In the Wizard of Oz, Dorothy has to do nothing more than
“follow the Yellow Brick Road” to get to the Emerald City
and meet the Wizard.

And the path is sitting right in front of her. All she has
to do is start walking, stay on the path, and she’ll get
there eventually.

Alas, in real life, there is no Yellow Brick Road to take us
to our sales and marketing goals.

Yet sometimes we — and by “we,” I mean me — act as if
there is.

So I sit around waiting for that clearly marked path to
magically appear, so I can get started on my journey.

In my copywriting business, this often means staring at my
computer, waiting for the perfect headline or the perfect
lead sentence to suddenly occur to me.

Or for my mind to conjure up the perfect email to send to
you.

I know better, of course, but there seems to be a recording
in my mind telling me that there’s one perfect way to write
whatever I’m writing, and if I sit at my desk long enough
doing nothing, it will come to me. (BTW, this has never
worked. Not once.)

But it’s not just writing copy. Recently, I’ve been toying
with the idea of starting an information products business
or an affiliate marketing business. And just like that I’m
suddenly looking for the Yellow Brick Road.

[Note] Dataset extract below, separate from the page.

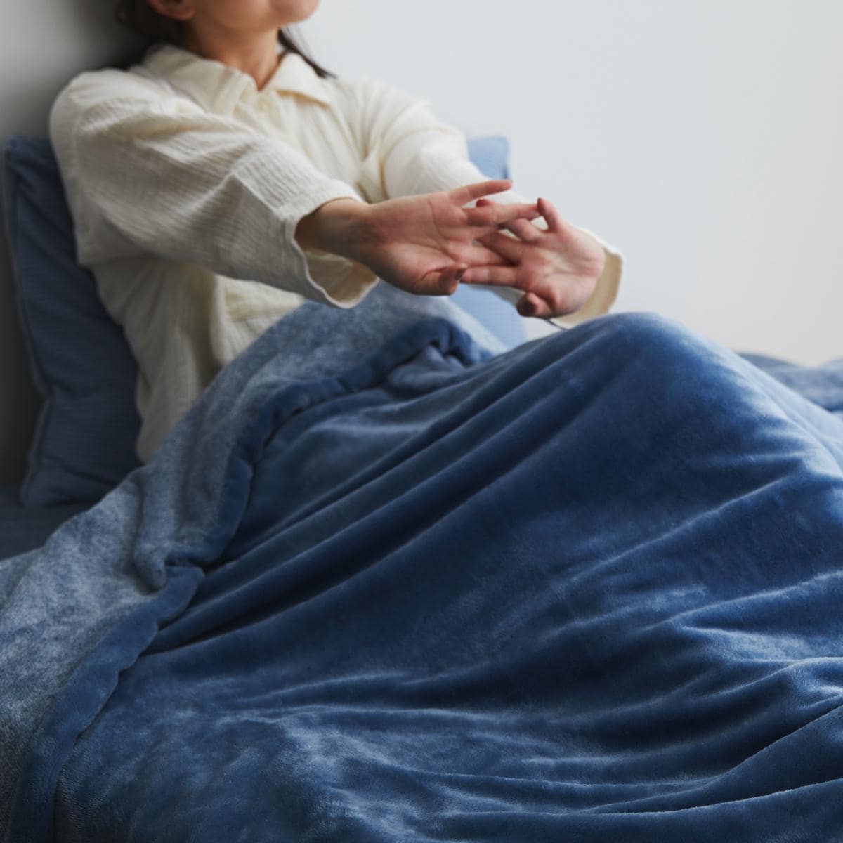 いつの間にか布団がずり落ちていて寒い…そんなお悩みにお応えした、吸湿発熱素材「スマートヒート®」の布団を包む毛布です。

I have to pick the perfect niche — and then the perfect
product within that niche. And then I have to pick the
perfect advertising medium, write the perfect squeeze page,
come up with the perfect upsell and so on and so forth.

And it’s all a lot of nonsense. Years ago, my copywriting
mentor Clayton Makepeace impressed upon me the necessity of
going down blind alley after blind alley when writing copy.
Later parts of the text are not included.